All scripts need to be run from the kfdef folder 📂

You can deploy JupyterHub with 2 different authentications system, use the file corresponding to your choice:

  • For the default DSRI authentication use kfctl_openshift_dsri.yaml

  • For GitHub authentication use kfctl_openshift_github.yaml

    • You need to create a new GitHub OAuth app: https://github.com/settings/developers

    • And provide the GitHub client ID and secret through environment variable before running the start script:

      export GITHUB_CLIENT_ID=YOUR_CLIENT_ID
      export GITHUB_CLIENT_SECRET=YOUR_CLIENT_SECRET

First you will need to change the namespace: in the file you want to deploy, to provide the project where you want to start JupyterHub (currently opendatahub-ids), then you can deploy JupyterHub and Spark with kfctl:

./start_odh.sh kfctl_openshift_dsri.yaml

🗄️ Persistent volumes are automatically created for each instance started in JupyterHub to insure persistence of the data even JupyterHub is stopped. You can find the persistent volumes in the DSRI web UI, go to the Administrator view > Storage > Persistent Volume Claims.

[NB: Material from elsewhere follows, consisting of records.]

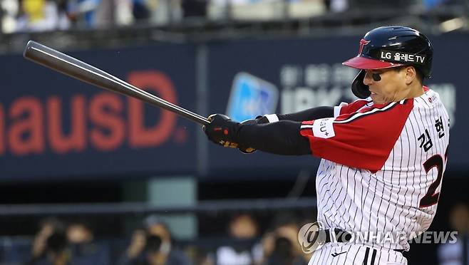 (서울=연합뉴스) 김성민 기자 = 4일 오후 서울 잠실야구장에서 열린 2023 프로야구 NC 다이노스와 LG 트윈스의 경기. 7회말 1사 2,3루 LG 김현수가 1타점을 올리는 진루타를 치고 있다. 이번 타석에서 김현수는 통산 1,300타점 기록을 세웠다. 2023.6.4
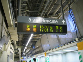 新潟駅16:38分の電車にも乗れますが、もう車内は混んでいて座れそうもないので、17:01分の快速で座って帰りました。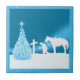 Cowboy praying at cross design in a winter scene on ceramic tile.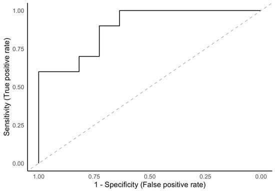 Binary outcomes (cure within 14 days) were analyzed using generalized mixed logistic regression with the “glmer” function from the “lme4” package, considering the random effect of the cow to control variance between cows. The covariates included in the model were DIM, parity, average MDi in the last 3 days, average milk yield in the last 24 h, and average relative EC of the affected quarter. Due to the low number of mastitis cases, behavioral data were not included. Two exploratory predictive models were created and evaluated for their ability to predict the outcome of interest: model 1—prediction of clinical mastitis cure at 14 days based on data from the day of diagnosis (D0); model 2—prediction of clinical mastitis cure at 14 days based on variations between D0 and D3. Due to overfitting indications (Se = 1.00 and Sp = 1.00), model 2 is not further addressed. To evaluate the predictive performance of model 1, sensitivity (Se) and specificity (Sp) were calculated using the ROC (Receiver Operating Characteristic) curve. The AUC (area under the curve) value and its confidence interval were also calculated. The calculations for Se and Sp are as follows:

⚡️ A Spark cluster with 3 workers is automatically created with the service name spark-cluster, you can use the URL of the master node to access it from your workspace: spark://spark-cluster:7077

✨ Use the Spark cluster

Matching Spark versions

Make sure all the Spark versions are matching, the current default version is 3.0.1

You can test the Spark cluster connection with PySpark:

from pyspark.sql import SparkSession, SQLContext
import os
import socket
# Create a Spark session
spark_cluster_url = "spark://spark-cluster:7077"
spark = SparkSession.builder.master(spark_cluster_url).getOrCreate()
sc = spark.sparkContext

# Test your Spark connection
spark.range(5, numPartitions=5).rdd.map(lambda x: socket.gethostname()).distinct().collect()
# Or try:
#x = ['spark', 'rdd', 'example', 'sample', 'example']
x = [1, 2, 3, 4, 5]
y = sc.parallelize(x)
y.collect()
# Or try:
data = [1, 2, 3, 4, 5]
distData = sc.parallelize(data)
distData.reduce(lambda a, b: a + b)

Match the version

Make sure all the Spark versions are matching, the current default version is 3.0.1:

  • Go to the Spark UI to verify the version of the Spark cluster
  • Run spark-shell --version to verify the version of the Spark binary installed in the workspace
  • Run pip list | grep pyspark to verify the version of the PySpark library

Check the JupyterLab workspace Dockerfile to change the version of Spark installed in the workspace, and see how you can download and install a new version of the Spark binary.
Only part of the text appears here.